Please send me a PM with your phone or account number so I can assist you with some troubleshooting. Thank you!


----------



## scooter_x (Apr 30, 2012)

Raymond,

I am all set. The display mode was getting set to zoom on the TV and had nothing to do with the hopper unit.


----------



## [email protected] Network (Jul 21, 2011)

I'm glad you were able to get this worked out! If you need assistance with anything else please let me know.


----------



## Sportsman (May 28, 2012)

I've been having the same problem from day one and it's not the TV that I can tell. Problem only occurs after Hopper goes to sleep over night.

In morning, one of two things occurs (sometimes both). 
1. Image is always larger than TV screen
2. Sometimes setting changed from zoom to normal.

Temporary solution I've used is toggling resolution between 720p and 1080i in Hopper Menu.

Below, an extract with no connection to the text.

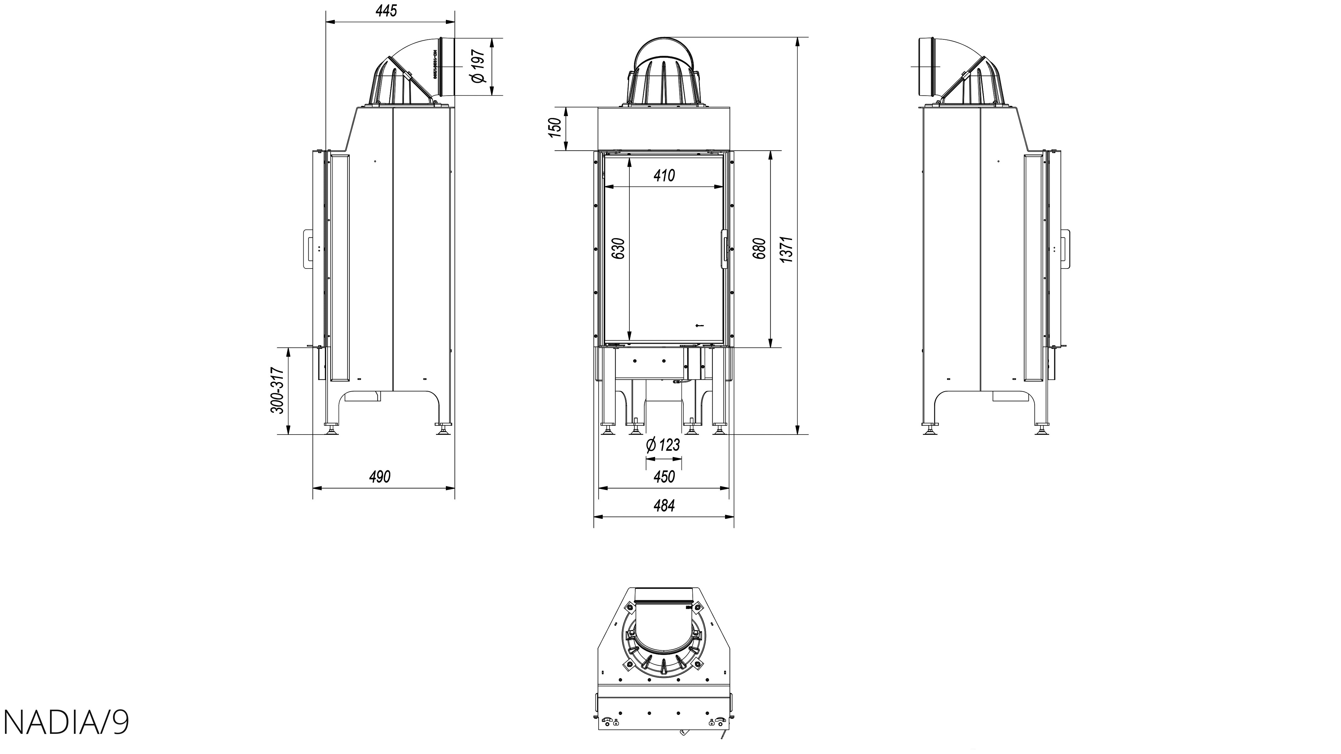- Можно применять при различных монтажных условиях благодаря регулируемым ножкам и подвижному дымоходному отверстию с регулировкой установки 360°.

I'm using a Pioneer AVR and have a 720p Pioneer Plasma. I've changed the order of boot-up and everything else to no avail.


----------



## tcatdbs (Jul 10, 2008)

I've also noticed that all the logos in the guide are cut-off at the left. I have to go into adjust screen size by two "-" clicks to get them to show up. Definitely zoomed out more than it should be in normal mode. New Panny 60st50, so not sure if it's the Hopper or the TV, I'm thinking Hopper since DVDs look normal.


----------



## [email protected] Network (Jul 21, 2011)

Sportsman said:


> I've been having the same problem from day one and it's not the TV that I can tell. Problem only occurs after Hopper goes to sleep over night.
> 
> In morning, one of two things occurs (sometimes both).
> 1. Image is always larger than TV screen
> ...


Is the Hopper connected directly to the TV using an HDMI cable?


----------